Duplicate Entries in Kagi Assistant Sources

roach

Bug: If multiple searches are performed for a query, the sources for the Assistant might contain duplicates.
Caveat: Since I cannot see the sources and their text snippets directly, I am relying here on the model's judgment. Since three searches were performed in the example below and the highest observed duplicate source had three entries, I assume that this bug is due to the multiple searches that were performed, but I haven't done more testing.
Link to sample thread: https://kagi.com/assistant/221f5d62-addd-4310-ac52-d19698bdff5b
Model: Qwen 3 235b with Thinking

Detailed Description

In the thread above, three searches are performed for the initial query:

Searching with Kagi:
Deep Think Gemini 2.5 Pro
Gemini 2.5 Pro features
Gemini 2.5 Pro capabilities

When asked how many sources were provided, the model starts to ponder within the thinking block whether some sources count as distinct sources:

Wait, some of these might be duplicates. For example, indices 17 and 19 from TechTarget seem similar but have different URLs. Let me check:

Index 17: https://www.techtarget.com/whatis/feature/Google-Gemini-25-Pro-explained-Everything-you-need-to-know
Index 19: https://www.techtarget.com/WhatIs/feature/Google-Gemini-25-Pro-explained-Everything-you-need-to-know

The URLs are slightly different (whatis vs WhatIs in the path), but the content might be the same. However, they are separate entries, so they might be different articles. Similarly, others may have similar URLs but different paths.

I then directly asked the model to confirm that the URLs were exactly the same, which it confirmed.

Finally, I asked the model whether the provided text snippets were also the same. According to the model, at least some of the duplicate URLs also have identical (or nearly identical) text snippets.

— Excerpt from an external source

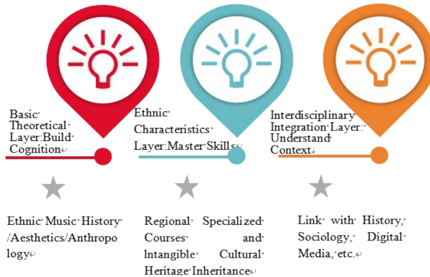
Figure 1 Immersion curriculum system of national culture

Instrumental Composition," incorporating representative pieces and skills from intangible cultural heritage projects to achieve simultaneous transmission of musical techniques and cultural essence. The interdisciplinary integration layer introduces courses like "Ethnic Music and Folk Culture" and "Digital Dissemination of Ethnic Music," leveraging resources from history, sociology, and digital media to guide students in understanding ethnic music's cultural context from multiple perspectives. This creates a comprehensive curriculum chain spanning "theoretical cognition, skill mastery, and cultural interpretation," ensuring ethnic culture permeates the entire educational process.

Since the Assistants' answer quality often strongly hinges on the availability of good sources, it would be desirable if text snippets were deduplicated and additional text snippets could move up into the top 30 of search results.

In addition, it might be a good idea to not only look for exact duplicates, but also for semantic duplicates that might have different wording but carry the same informational content, based on some measure like cosine similarity, if embeddings for the text snippets already exist.